Photo by Brandon Hicks Newly elected Sheriff Dexter Lunceford, second from left, is administered his oath of office by Circuit Court Judge Jean Stanley on Friday afternoon as his wife and daughters look on.
Photo by Brandon Hicks
Newly elected Sheriff Dexter Lunceford, second from left, is administered his oath of office by Circuit Court Judge Jean Stanley on Friday afternoon as his wife and daughters look on.

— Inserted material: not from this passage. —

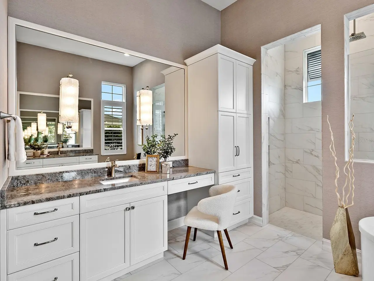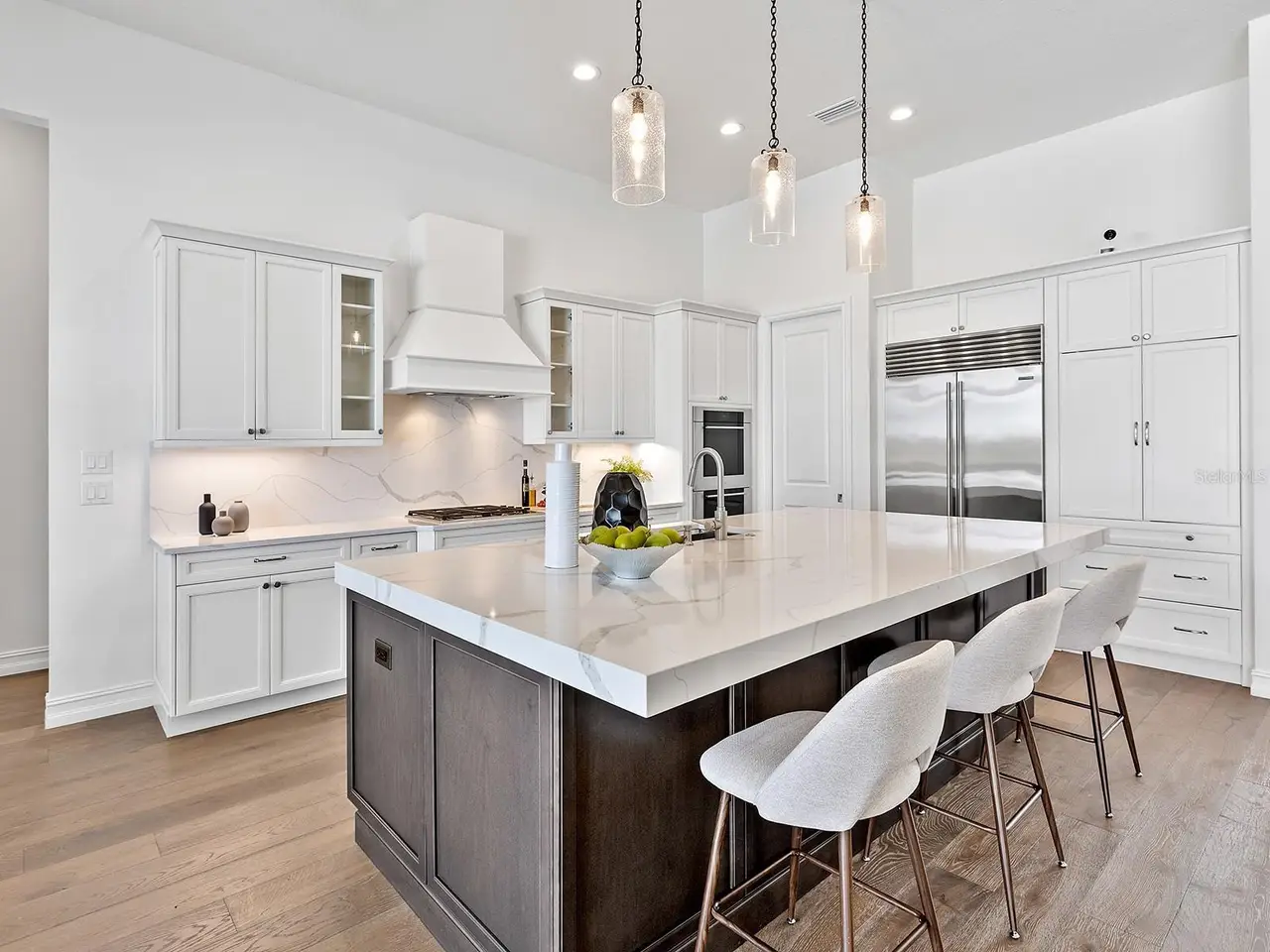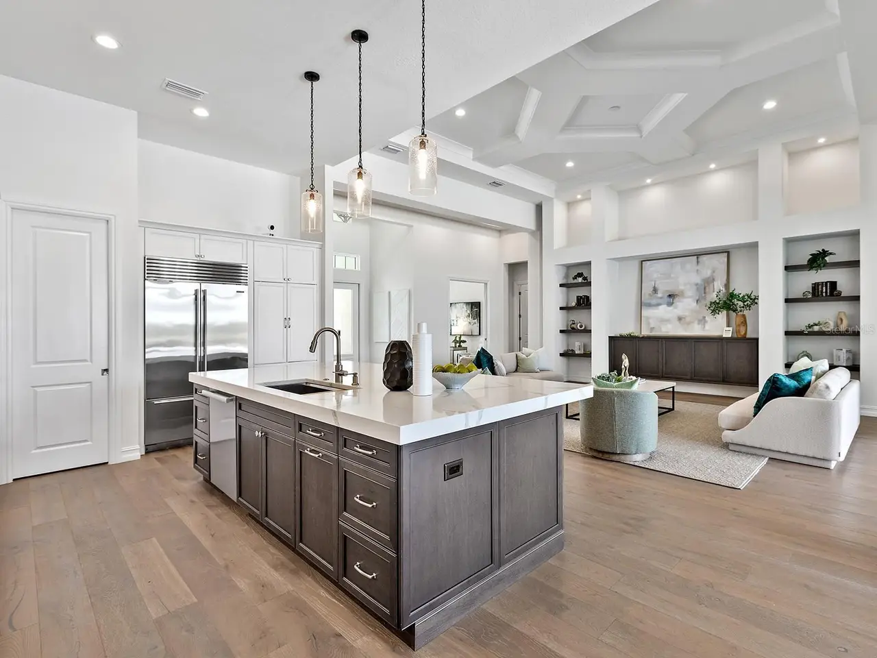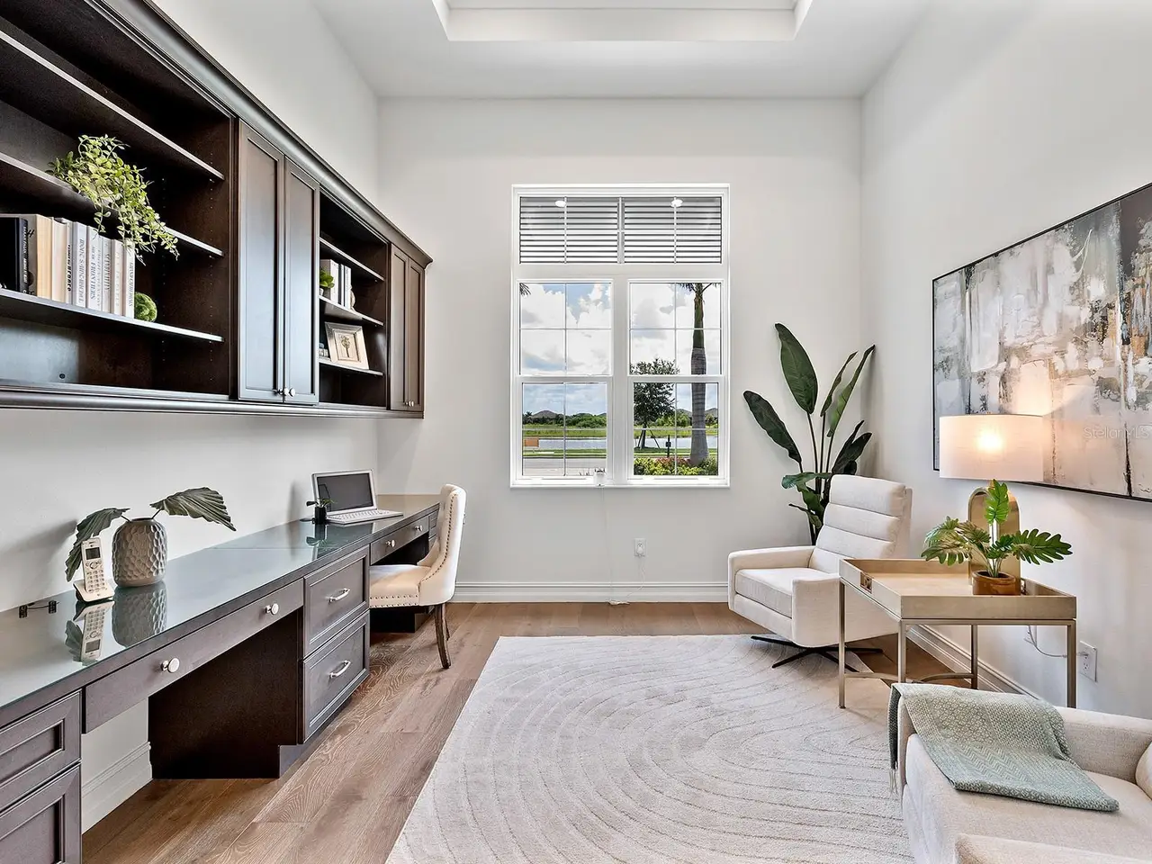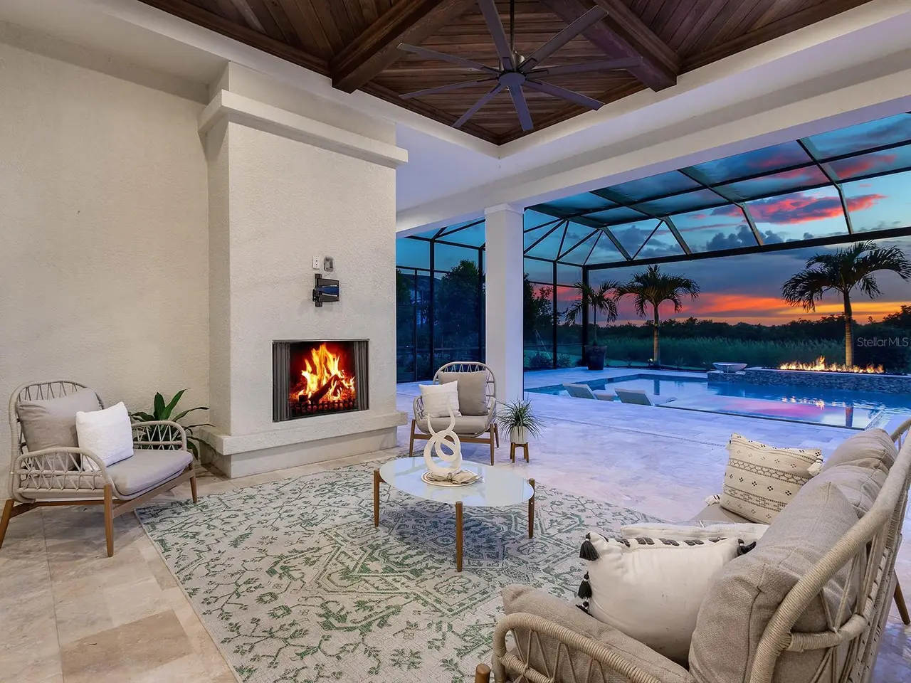 Prestigious living in The Lake Club of Lakewood Ranch is within reach! Nestled among towering palms and verdant landscaping is this completely, custom Madison II home built by Stock Luxury Homes in 2021. The lush Florida conservation wetland provides a beautiful backdrop for the western rear exposure with spectacular sunsets. This entire residence had every detail carefully hand-selected to evoke a luxurious and comforting residence including oak hardwood flooring, cove crown molding and custom ceilings, high-end designer light fixtures, plantation shutters, and top-of-the-line functional selections in every room. Superior details and a sense of security continue with high-end construction, impact doors and windows throughout, additional remote control hurricane screens on the lanai, 22kw whole-house generator, surge protector, and whole-house water filtration system. The central great room is the heart of the home with custom coffered ceiling, custom built-in display shelving and entertainment cabinetry, and a full wall of impact sliding glass doors to the lanai. Enjoy a modern open-concept floor plan that flows effortlessly throughout the living areas and out onto the marble paver lanai. With beautiful and private views of the preserve, the lanai offers a serene space to gather around the gas fireplace and under wood ceilings, take in the views from panoramic screen enclosure, or dine by the outdoor kitchen. The custom saltwater pool offers a sunken 360-edge spa, sunshelf, Nebula lights built into the screen enclosure to create a starlight effect above, and a built-in fire bar feature plus water bowls – you won’t find another lanai like this at any other home. The luxurious lifestyle continues indoors with the executive kitchen that is expertly outfitted with high-end appliances including Wolf gas cooktop, Miele dishwasher, Sub-Zero refrigerator, and dual Wolf wall ovens. The custom cabinetry offers complimentary two-tone colors, thick quartz counters with full-height backsplash, pots and pans drawers, additional integrated pantry tower, and a walk-in pantry with shelving. The adjacent dining room has custom ceilings, disappearing corner impact sliders, and a breathtaking designer chandelier. Work from home in the study equipped with dual built-in desks with glass tops, file drawers, and display shelving. The primary suite sparkles with designer wallpaper, custom ceilings, impact French doors to the lanai, and impressive dual walk-in closets with custom closet systems. The spa-like bathroom gives you a five-star experience with dual vanities, make-up space, linen closet storage tower, modern freestanding soaking tub, and walk-in shower with rain shower head. Guests will find similar comfort in two guest suites with their own private en-suite bathrooms. The spacious rear bonus room is ideal for gathering with a custom dry bar with quartz counters, mirrored backsplash, display cabinetry, and two Sub-Zero wine refrigerators. There is also a dedicated full pool bathroom with walk-in shower and exterior lanai access, plus a guest powder bathroom. A functional laundry room, mudroom-style garage entry, spacious 3-car garage and oversized driveway complete this impressive home. You’ll also enjoy a lower property tax bill than other homes because the debt portion of the CDD Lakewood Ranch Stewardship has been PAID OFF. The Lake Club is an exclusive premier, gated community with a Grande Clubhouse, restaurant, pool, tennis, pickleball and more.

New sheriff, incumbent mayor, a dozen-plus rookie commissioners and more take oaths

Published 11:56am Monday, September 1, 2014

A lot of swearing took place Friday afternoon in the courtroom at the Carter County Courthouse.
This was no hotly contested case, but rather two ceremonies held to swear in officials elected during the general election held Aug 7.
Two separate ceremonies were held on Friday; one was for county officials and another for the state court officials serving the First Judicial District of Tennessee.
The first ceremony was held at 3 p.m. by Circuit Court Judge Jean Stanley and began with the elected constables – two for each of the county’s eight districts – taking their oath of office. Next was a member of the Carter County Board of Education followed by the County Commission.
A total of 24 County Commissioners – three for each of the eight districts – pledged to “perform with fidelity” the duties of their office and to defend the Constitution of the United States as well as the Constitution of the State of Tennessee.
The County Commission has a majority of new members. Of the 24-member body, only 10 are commissioners who served last term.
After the oaths by the commissioners, the county’s office holders were sworn in by Stanley.
County Clerk Mary Gouge, Superintendent of Roads Roger Colbaugh, Circuit Court Clerk Johnny Blankenship, Carter County Sheriff Dexter Lunceford and Carter County Mayor Leon Humphrey all raised their right hand and gave their oath to faithfully perform their duties.
The term of service for the newly elected officials does not officially begin until Sept. 1, but because that date falls on the Labor Day holiday, the ceremony was held on Friday.
Lunceford said he is prepared to take on his new role and is planning to do so at 12:01 a.m. Monday.
“I am going to go 10-8 over the radio,” he said. “10-8” is the 10 code which local law enforcement officers use on the radio when they come on duty for service.